Text Data Visualization and Insights in Python
Text visualization uses space to visualize relationships and show data insights. This guide will explore Python text visualization libraries.
Oct 7, 2020 • 4 Minute Read
Introduction
Text data insight is derived via text analysis and mining techniques mainly practiced in natural language processing (NLP).
Cleaned and processed text data is rich and contains lots of insights. But for data scientists, text data is a bit more challenging to use to represent insights in charts and graphs because it's not numerical. Text visualization requires different skills, mainly, efficiently using screen real estate to visualize relationships between phenomena and highlight the main message. This may involve leaving some data out to allow the main insight or objective to be achieved.
Several libraries have been developed to overcome this challenge. This guide will explore some text visualization libraries primarily written in Python.

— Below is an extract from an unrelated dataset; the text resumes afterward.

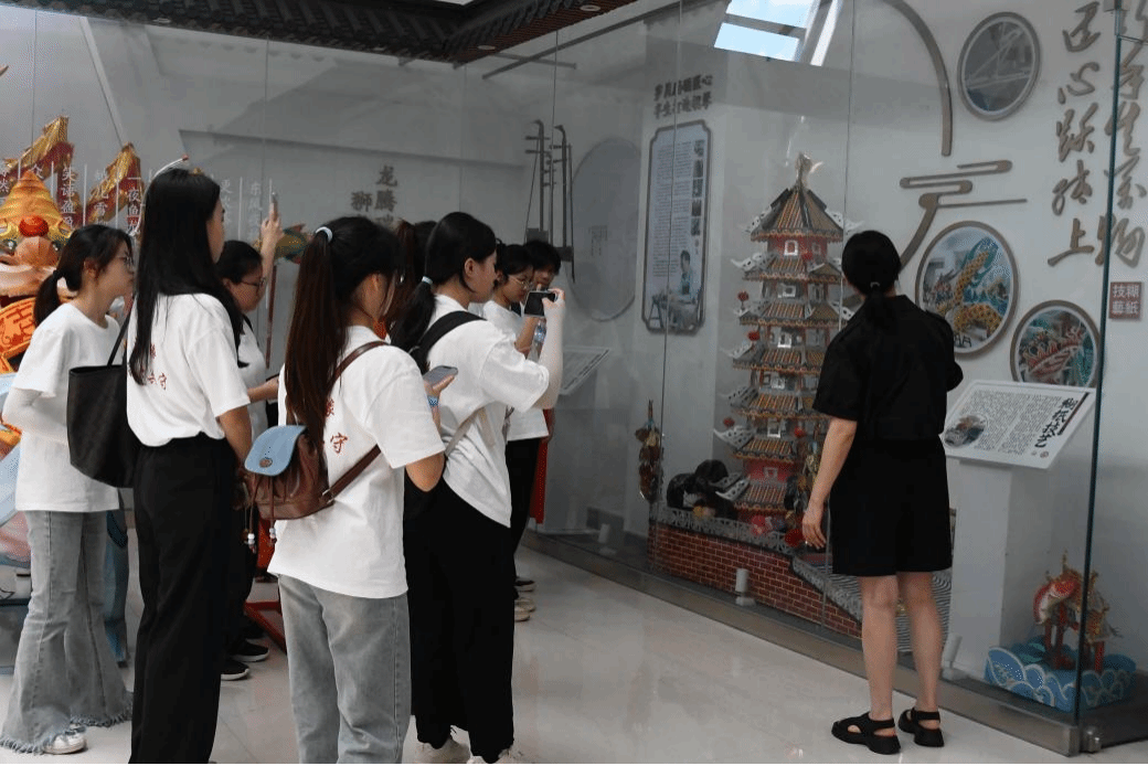 福州非物质文化遗产展示馆丰富的展品如同打开的文化宝库,让实践队成员领略了各地非遗项目的独特魅力。在这里,文化的交流与融合得以生动展现。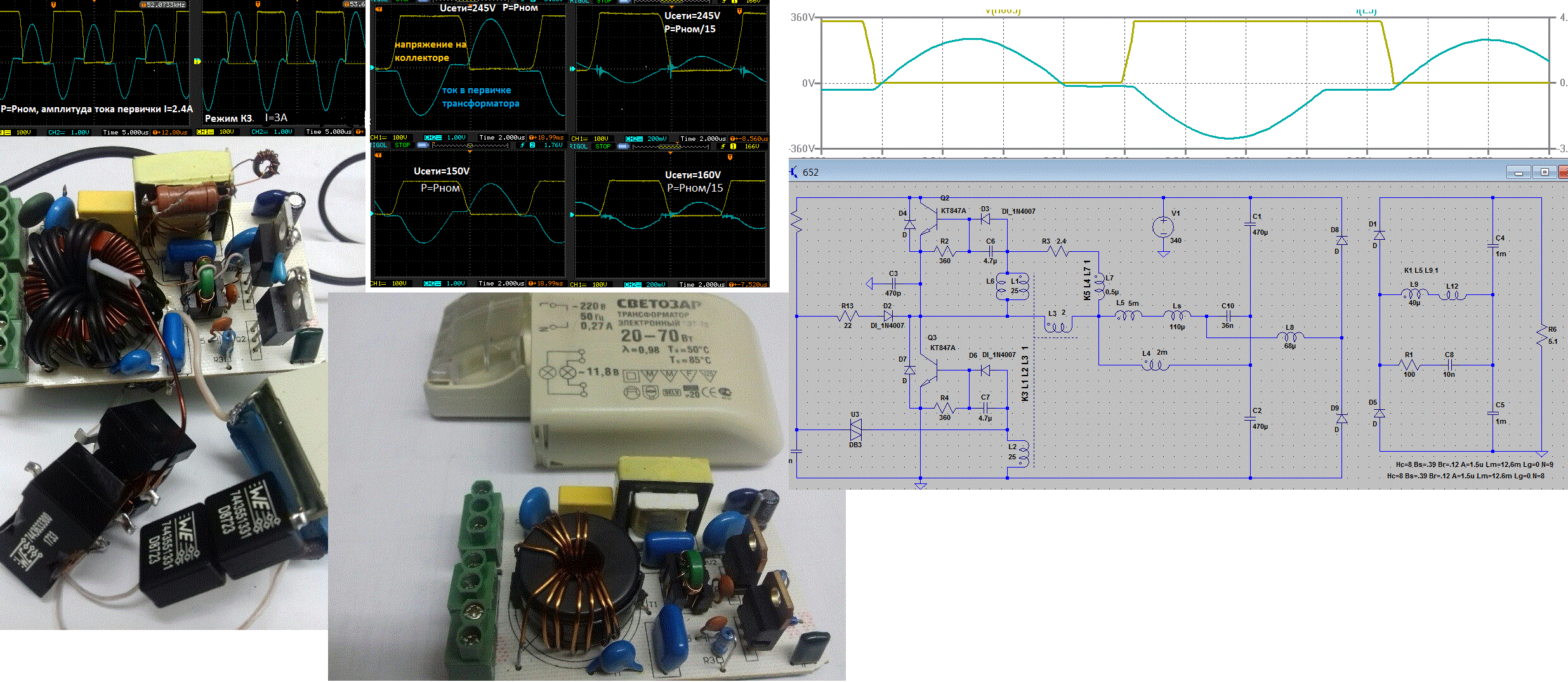 На картинке переделанный электронный трансформатор для галогенок c учетом вышесказанного. Оптимальный ZCS резонансный режим сохраняется во всем диапазоне питающего напряжения при нагрузке от ХХ до КЗ. ZVS тоже в наличии, пологие фронты напряжения на ключах.

The guide assumes you have an intermediate level skill in Python and general data visualization.
ScatterText
ScatterText is a powerful Python-based tool for extracting terms in a body of text and visualizing them in an interactive HTML display. The official Github repo can be found here.
To get started, install the library using pip.
pip install scattertext
To develop some code, check out a sample tutorial from the official repo here.
Sample Visualization
Source: Official Repository
Word Cloud
A word cloud is a text visualization technique that focuses on the frequency of words and correlates the size and opacity of a word to its frequency within a body of text. The output is usually an image that depicts different words in different sizes and opacities relative to the word frequency.
An application of this form of visualization is document summarization, where you can process a body of text within a document and, based on the most prominent words, get a general summary of what the document is all about. This can also be applied in job applications where if the job description is analyzed, the largest words to appear are most likely the most important skills for the job.
The example below explores how to develop a word cloud in Python.
Sample Code
To get started, install wordcloud to generate the cloud of text and matplotlib to plot and visualize it. To install, run the command
pip install wordcloud matplotlib
The body of text used is a job description from this link.
import matplotlib.pyplot as plt
from wordcloud import WordCloud, STOPWORDS
# stopwords is a collection of words that dont convey meaning. mostly pronouns such as he she etc.
#generate word cloud
text = "copy_text_from_job_description_in_link_provided_above" # the input of the wordcloud generator
#generate the wordcloud object, set the height and width, set the random_state parameter to ensure
reproducibility of results and set the stopwords parameter so that the irrelevant words such as pronouns are discarded.
wordcloud = WordCloud(width = 3000, height = 2000, random_state=1, background_color='blue', collocations=False, stopwords = STOPWORDS).generate(text)
# text is the input to the generate() method
#draw the figure
#Set figure size
plt.figure(figsize=(40, 30))
# Display image
plt.imshow(wordcloud)
# No axis
plt.axis("off")
plt.show()
Results
To run the above script, copy the codeblock in a Python file and name it wc_generator.py. To run the app, run
python wc_generator.py
Conclusion
These alternative visualization skills are vital in roles that involve business intelligence, data visualization, and data science. Visualization allows you to communicate data insights graphically to an audience that may not necessarily be tech savvy.
To further build on this guide, challenge yourself to learn integrated suites such as Dash and Tableau for business intelligence and data visualization.